Кишечную палочку используют для экспрессии чужеродных генов
Time:2017-08-15 оригинал публикации
В биомедицинских и других направлениях исследований наблюдается растущая потребность в рекомбинантных белках. Чтобы получить рекомбинантный белок кодирующая протеин последовательность клонируется в вектор экспрессии и далее трансформируется в клетке-хозяине. Что же такое вектор экспрессии?
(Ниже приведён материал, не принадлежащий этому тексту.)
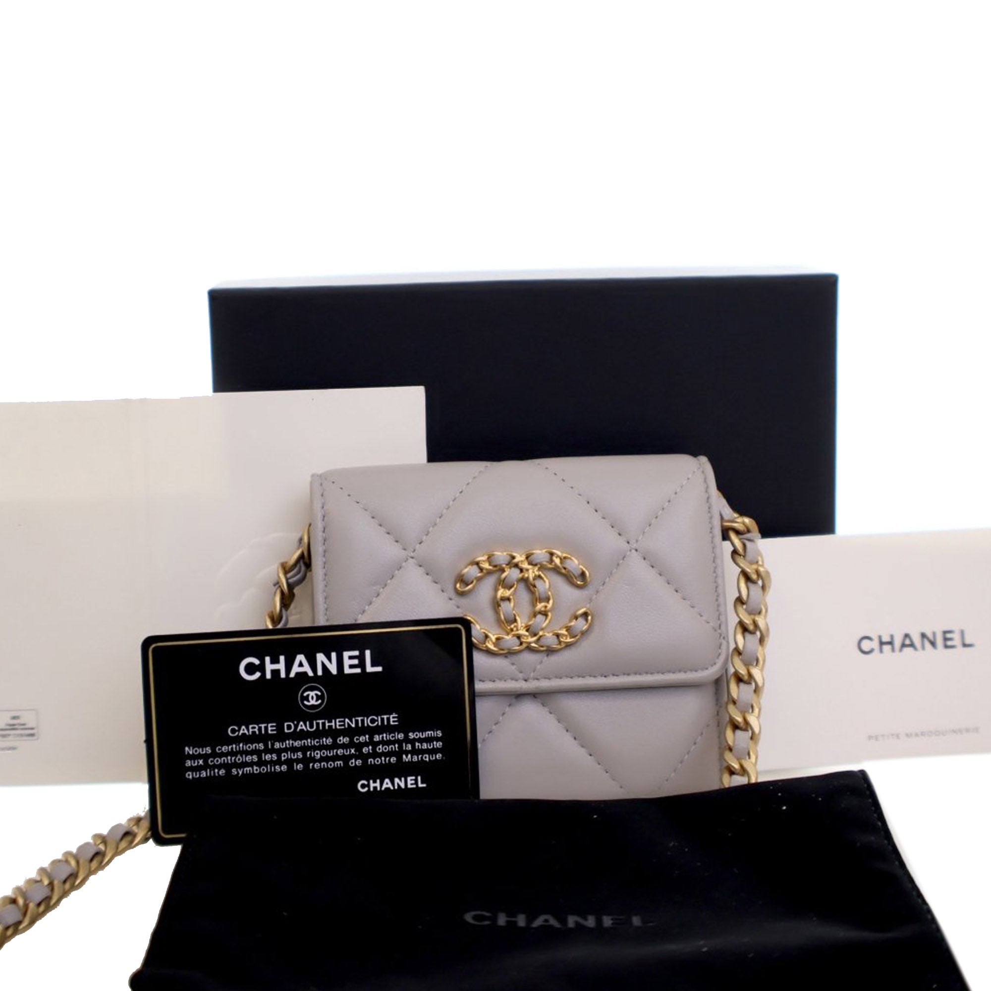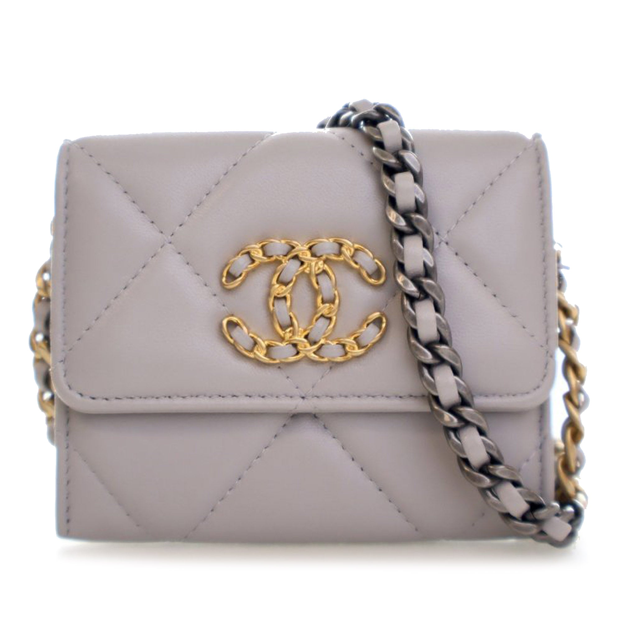 Gray Chanel Quilted Lambskin 19 Flap Coin Purse With Chain Crossbody Bag
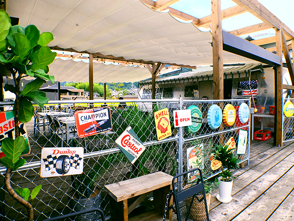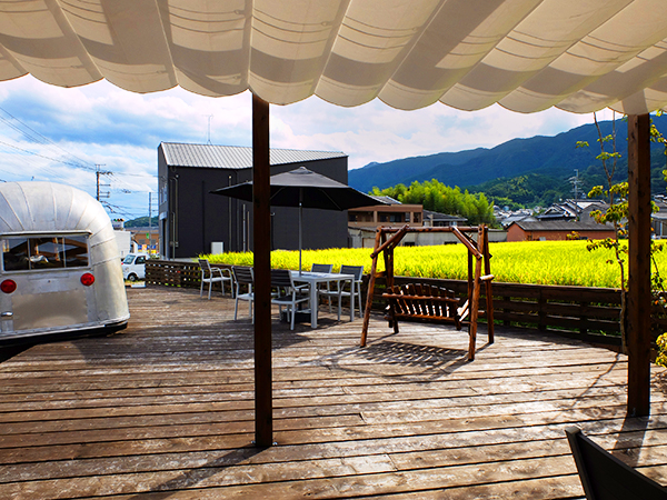 葛城・金剛山の雄大な姿を背景に、最古の国道竹内街道をおりた場所に2022年7月にオープンした高級キャンピングカーAIRSTREAMのあるカフェ。パノラマテラスでホットドッグをほおばりアメリカンな気分に!

Упрощенно, вектор экспрессии – это молекула ДНК, приносящая специфический ген в клетку-хозяина и использующая систему синтеза белков этой клетки для синтеза закодированного этим специфическим геном белка. Векторы экспрессии включают экспрессию чужеродных генов в клетке-хозяине на высоком уровне. После нескольких лет развития использование векторов экспрессии стало широко применяемой популярной биотехнологией.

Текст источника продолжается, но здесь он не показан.